This tool crawls a website and generates a graph of pages and links. Additionally, a node is added for each word and edges are added from each word to the pages they are a part of.
Only Leiningen is required for building. Install Leiningen, then execute the following from the webGraph directory:
webGraph$ lein deps
webGraph$ lein compile
To actually do anything useful, you'll need access to a running Neo4J server. You can install this to your local machine and start an instance:
neo4j-community-1.6$ ./bin/neo4j start
Use the --help
command line option to see the possible arguments:
webGraph$ lein run --help
Usage:
Switches Default Desc
-------- ------- ----
-h, --no-help, --help false Show this help message
--host localhost Neo4J server host
--port 7474 Neo4J server port
-s, --seed Fully qualified URL for the crawl
-p, --max-pages 10 Maximum number of pages to crawl
-d, --max-depth 5 Maximum crawl depth
-n, --politeness 1000 Time to wait between page requests (ms)
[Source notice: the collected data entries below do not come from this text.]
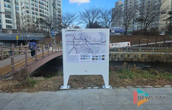 뉴스팍 배상미 기자 | 용인특례시 수지구는 시민들이 하천 산책로와 자전거 도로를 편리하게 이용할 수 있도록 탄천·성복천·정평천 일원에 하천 안내판 설치를 완료했다고 4일 밝혔다.
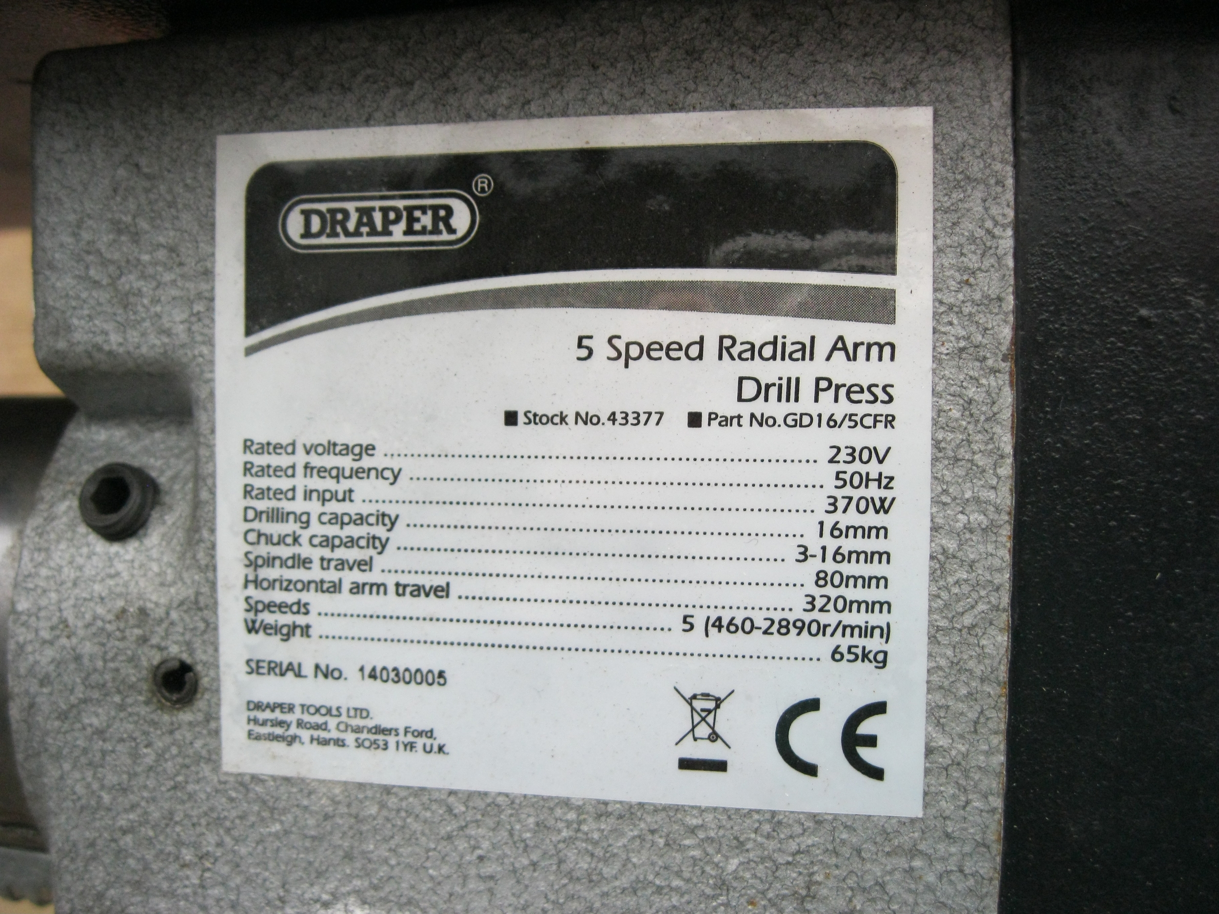 A Draper Radial Pillar Drill in excellent condition, very little use, complete and in working order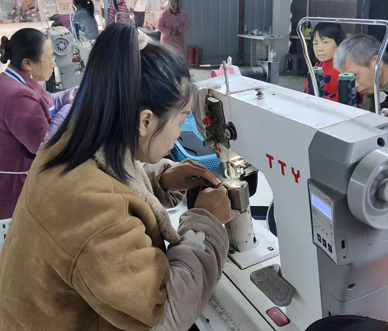 在安岳县驯龙镇,有一位名叫苏春梅的女工,36岁的她,与陈孝单一样,在一针一线之间,编织着独属于自己的生活与未来。“今年9月份,季茜鞋业在驯龙镇的分厂鹏翔鞋面厂正式投产。”苏春梅得知这一消息后,毫不犹豫地前去应聘,并顺利地成为了分厂的一名鞋服工人。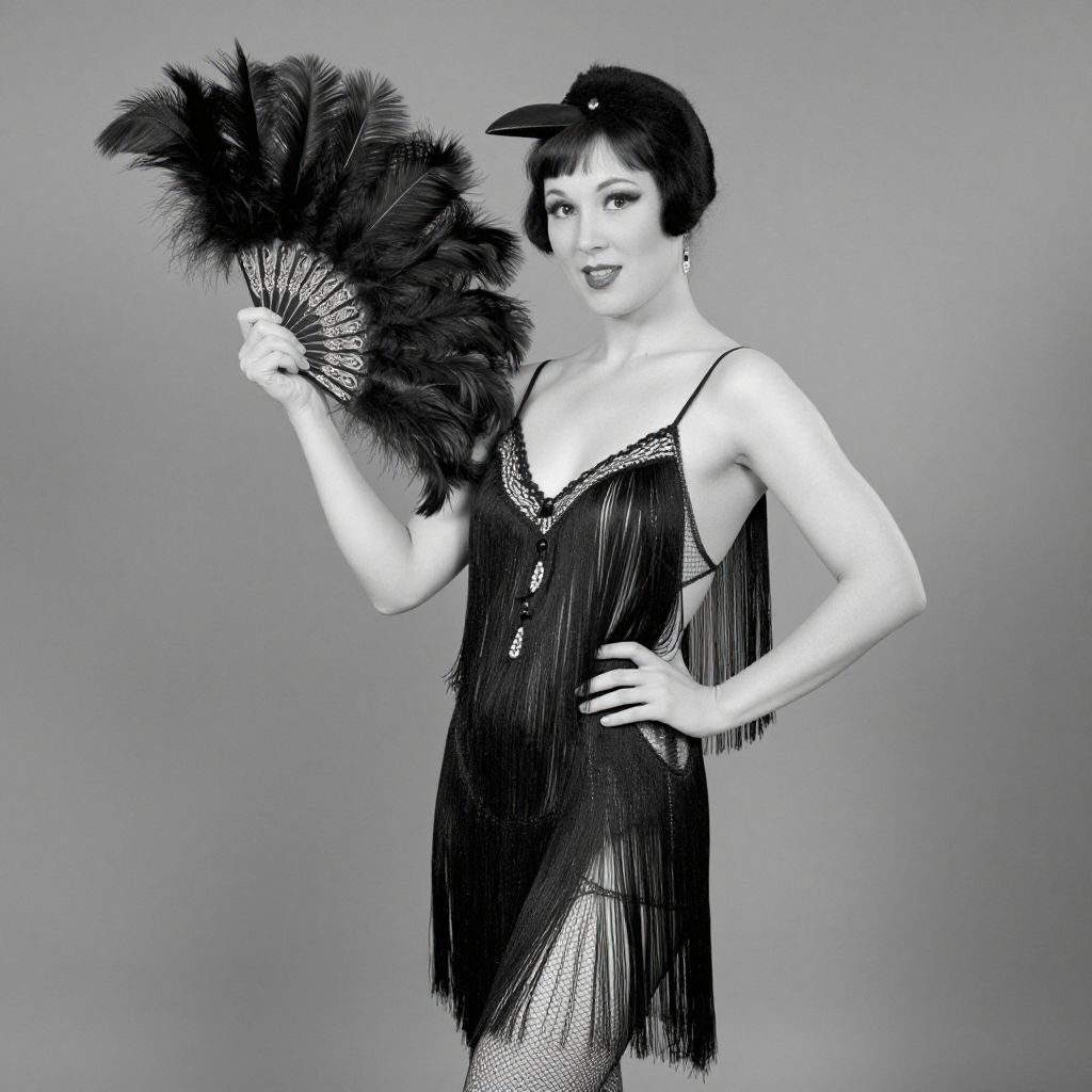 Black-and-white photograph of a confident woman in a fringed, black, 1920s-style lingerie dress, holding a feather fan, wearing a
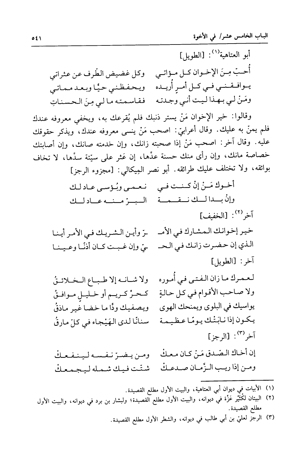 وقالوا خير الاخوان من يستر ذنبك فلم يقرعك به ويخفي معروفه عندك فلم يمن به عليك وقال أعرابي أصحب من ينسى معروفه عندك ويذكر حقوقك عليه وقال آخر أصحب من إذا صحبته زانك وإن خدمته صانك وإن أصابتك خصاصة مانك وإن رأى منك حسنة عدها وإن عثر على سيئة سدها لا تخاف بوائقه ولا تختلف عليك طرائقه أبو نصر الميكالي

-j, --threads 1 Number of crawler threads
To crawl a domain specify the fully qualified domain name as the seed:
webGraph$ lein run --seed http://www.milk.com/
The crawler will follow links outside of the given domain.
- There needs to be a way to query the database outside of Neo4J's web interface. Either a command-line query tool or a custom web interface.
- The web crawler library that is used
(crawler4j) does a poor job
at extracting plain-text from the HTML. Some words get squished
together. This can be fixed by taking the raw HTML from the crawler
and running it through something like jsoup's
Jsoup.parse(html).text()
. - Currently, each distinct word from a crawled page requires either two or three calls to the server. This is very slow, but it can be sped up by using the batch API.
- To run PageRank on the graph, the server must be taken off-line so a custom Gremlin distribution can access it directly. Maybe there's a better way?
Copyright (C) 2012 James Marble and John Russell
Distributed under the Eclipse Public License, the same as Clojure.